How does gymnastics match up with other fitness activities we’ve done?

Running

We have both dabbled in running the roads, but neither of us stuck to it. We have even both completed a half-marathon (she ran hers; I walked, ran and walked again during mine) just to say we did it, but neither of us have experienced the “runner’s high” meditative state that we’ve heard is a thing (we don’t believe it actually exists). To us, when we start running, we are always thinking about when we will be able to stop. Gymnastics is more appealing to us because it happens in bursts; we pour all of our energy and focus into a single skill or combination, then take a mental and physical rest before we try the next one. Also, taking a video of running = not so interesting. Recording a round-off-back handspring-straddle front tuck = super impressive.

Dance

Tammy asked me how gymnastics compares to dance. I started dancing in my early teens and have been teaching since my early 20s. I could easily avail myself of adult dance classes. I used to, but I don’t anymore.

Dance provides a wonderful, creative opportunity to express yourself through extended movement phrases. There’s a beautiful connection between the body, mind and spirit that you don’t get anywhere else. It requires similar strength, flexibility, balance, coordination, and agility to gymnastics. As much as I love dance, and have for so many years, I no longer get the same feeling as I do at the gym.

Gymnastics, for me, seems to play directly into the problem-solving portion of my brain. I like figuring out what’s going wrong and working on strategies to fix it. There’s a lot that goes wrong, and I alone am responsible for making the fixes work.
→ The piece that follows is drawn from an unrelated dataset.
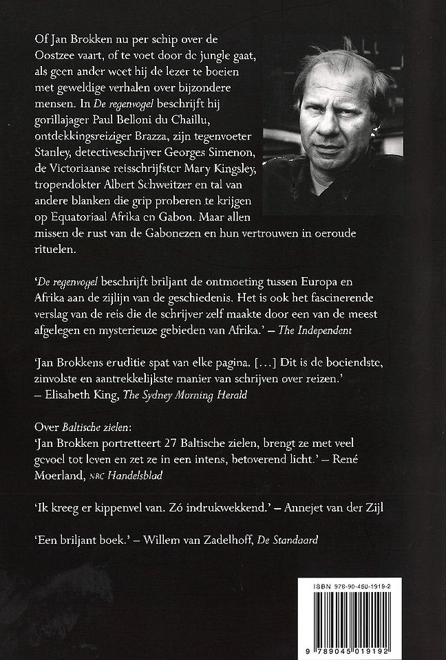 Of Jan Brokken nu per schip over de Oostzee vaart, of te voet door de jungle gaat, als geen ander weet hij de lezer te boeien met geweldige verhalen over bijzondere mensen. In De regenvogel beschrijft hij gorillajager Paul Belloni du Chaillu, ontdekkingsreiziger Brazza, zijn tegenvoeter Stanley, detectiveschrijver Georges Simenon, de victoriaanse reisschrijfster Mary Kingsley, tropendokter Albert Schweitzer en tal van andere blanken die grip proberen te krijgen op Equatoriaal Afrika en Gabon. Maar allen missen de rust van de Gabonezen en hun vertrouwen in oeroude rituelen.

While there is a small creative component, gymnastics is not as stressful for me as dance, because as a choreographer and teacher, there’s a huge responsibility to create and teach others the choreography. At the gym, everything is in smaller bits and bursts, and the only one I need to teach is myself. Even when I coach, the focus is on the safety and technical form for one skill at a time. It’s a lot less stressful in the execution.

While we do aspire to achieve movement combinations, the memory piece is not as challenging as when I’m remembering choreography. Tammy and I have developed our new Geriatric Gymnastics motto whilst on the trampoline: if you land straight, do another skill. Chuck it! Maybe it doesn’t reach the level of performance art and storytelling of dance, but it serves a very different kind of calling for me.

In addition, even though gymnastics is a more intense strength experience, I don’t sustain the same repetitive stress injuries that I do when I’m teaching or dancing. I’m sure it has to do with the bouncy surfaces that absorb impact vs. jumping and rolling around on the hard floor, demonstrating the same skills over and over again. My body just doesn’t appreciate that anymore. But, I could rebound on the trampoline all day long.

If there’s one thing we want to stress about gymnastics, it’s this: it’s not just for kids. More and more adults are trying it, posting their stuff, working through the failures and celebrating their successes. We have to be smart, use caution, and understand where we are in the moment. If we are healthy, there’s no reason not to start.